In photocatalytic reactions, the most important factor for obtaining high efficiency is the reduction in the e–h recombination. It is said that the main factor wasting energy is the electron–hole recombination, which leads to a lower yield. High efficiency and quantitative yield can be realized by the addition of an electron acceptor to the nanocomposites, such as the KBrO₃ acceptor [16,23]. Some publications have reported that the addition of this electron acceptor improved the efficiency of photolysis. This occurred in our study, where KBrO₃ prevented the recombination of the e–h due to the acceptance of the conduction electrons of the oxide; thus, it led to an increase in the concentration of $OH$, which led to a rapid degradation of the dye. As shown in Figure 2, the addition of the KBrO₃ increased the photocatalytic degradation to 95% at an irradiation time of 110 min.

These speculations were confirmed by measuring the photocurrent for these four samples at a bias of 0.2 V, as shown in Figure 9. The photocurrent was measured when the samples were irradiated for 60 s. The recorded values of the photocurrent during this interval were 0.65, 1.27, 5.03, and 6.02 µA for TiO₂, Nb-TiO₂, (Nb-TiO₂)/20%KBrO₃, and (Nb-TiO₂)/100%KBrO₃, respectively. The high photocurrent values exhibited the significant effect of the KBrO₃, which helped to extract and collect more electrons during the excitation of Nb-TiO₂, confirming that KBrO₃ is a suitable candidate as an electron acceptor to enhance the photocatalysis properties of this nanocomposite. In Figure 9c,d, we observed that the current continued increasing even after the irradiation was stopped. The existence of the KBrO₃ increased the reaction in Equations (4)–(7). We also observed that the recovery time was slower with the presence of KBrO₃, which was due to the slower recombination rate of the electron–hole.

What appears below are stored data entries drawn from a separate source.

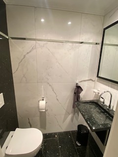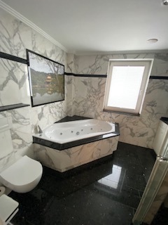 Das große Marmorbad präsentiert sich als wahre Wellnessoase: Ausgestattet mit einer großzügigen Dusche, einer entspannenden Blubberwanne und edlen Natursteinoberflächen, lädt es zum Abschalten ein. Ergänzt wird dies durch ein ebenso hochwertiges, stilvoll gestaltetes Marmor-Gäste-WC.
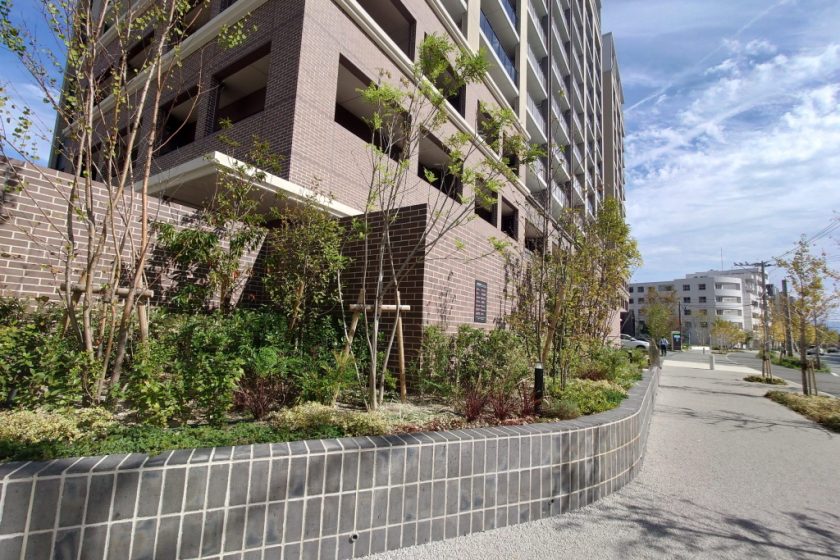 花壇の壁に新燃レンガタイル ルネッサンスを使用。躯体に貼り付けて施工。植栽を目立たせる抑えめの配色で、景観・雰囲気を向上させます。また、舗装の見切り部分などにもライン状にご使用いただいています。
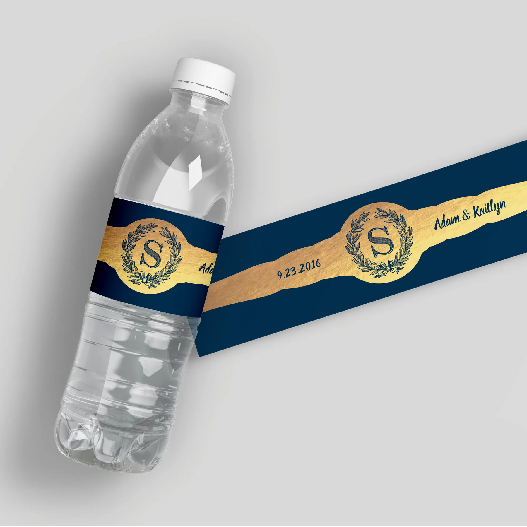 Celebrate your wedding in style with Navy Gold Monogram Wedding Water Bottle Labels. Featuring elegant navy and gold monogram designs, these labels are perfect for adding a sophisticated touch to your wedding reception. Customize with initials and wedding dates for a personal touch.
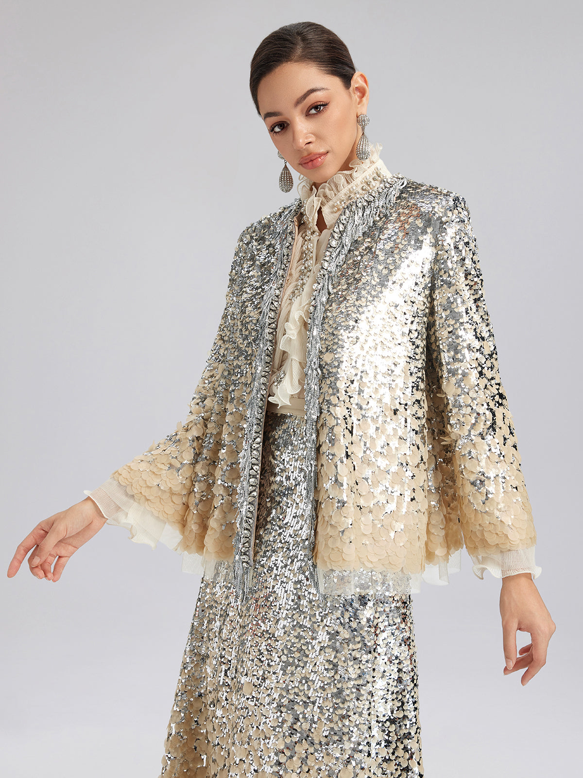 Lüks Boncuklu Gölgeli Püsküllü Ceket
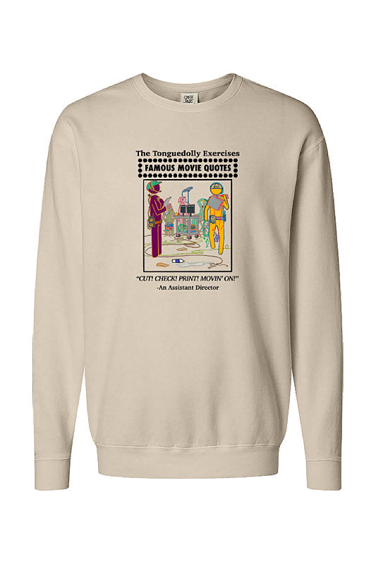 The Tonguedolly Comics, Famous Movie Quotes, "Cut! Check! Print! Movin' On!" Raz/Mango, C.C. 100% Cotton, Unisex Sweatshirt
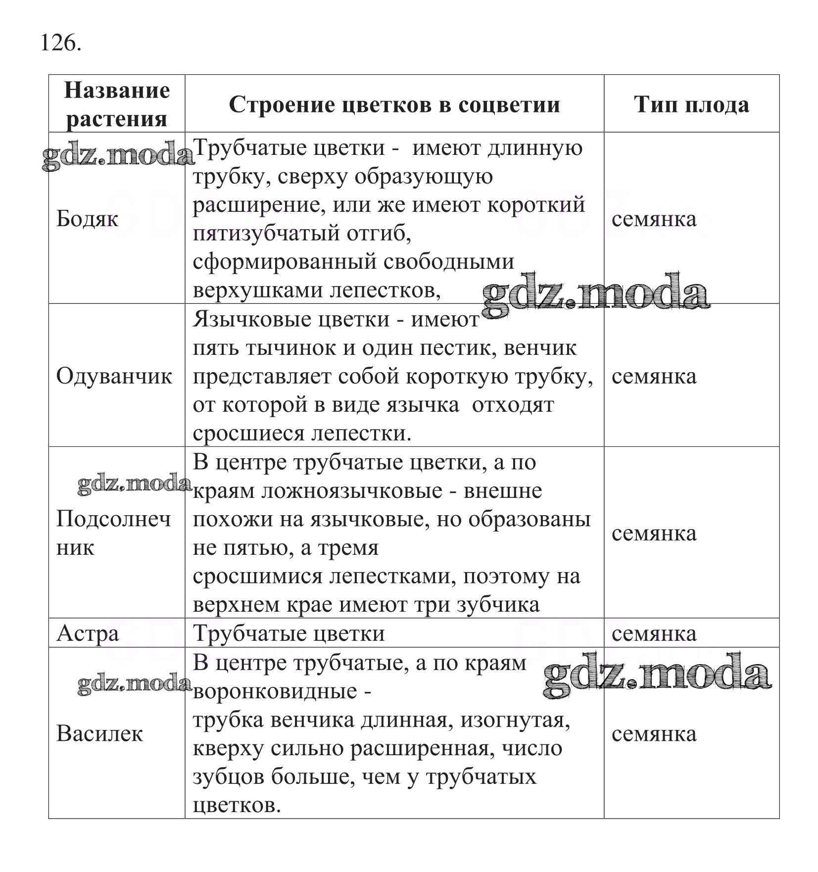 ОТВЕТ на задание № 126 Рабочая тетрадь по Биологии 6 класс Пасечник УМК

The data measured for the photodegradation revealed the strong effect of adding Nb to TiO₂ and the significant effect of the KBrO₃ as an electron acceptor in the solution. This can be expressed by calculating the instantaneous quantity ($q_t$) of the degraded dye, as follows:

$$Q_t=\frac{\left(C_0-C_t\right)}{m}V$$

(9)

where m is the adsorbent mass in g, and V is the solution volume in L. The quantity of degraded phenol red increased with the increase in the irradiation time, as shown in Figure 10. This figure indicates the ability of the fast degradation of phenol red on the surface of the oxide. The degradation quantity of the dye reached 191 mg for 1 g of the absorbent after 110 min for the Nb-doped oxide assisted with KBrO₃. However, the degradation quantity of the same dye on the pure TiO₂ was 128 mg for the same time. The results exhibited the superiority of the Nb-doped TiO₂ assisted with KBrO₃ to degrade a large quantity of the dye within a short time compared to the TiO₂.

4. Conclusions

A comparison study between the photodegradation efficiency of pure TiO₂, Nb-TiO₂, and KBrO₃/Nb-TiO₂ was successfully performed. The fabricated nanocomposites showed a good degradation of the phenol red with a high concentration of 20 mg/L. The degradation efficiency was increased from 60% for pure TiO₂ and 80% for Nb-TiO₂ to 95% for KBrO₃/Nb-TiO₂. In addition, the nanocomposite with KBrO₃ showed a higher adsorption capacity compared to the TiO₂; the degradation quantity of the dye reached 191 mg for 1 g for the Nb-doped oxide assisted with KBrO3. However, the degradation quantity of the same dye with the pure TiO₂ was 128 mg for the same time. Finally, the de-colorization of the wastewater containing phenol red in this work confirmed an important interfacial charge between the KBrO₃ and the Nb/TiO₂ nanocomposites.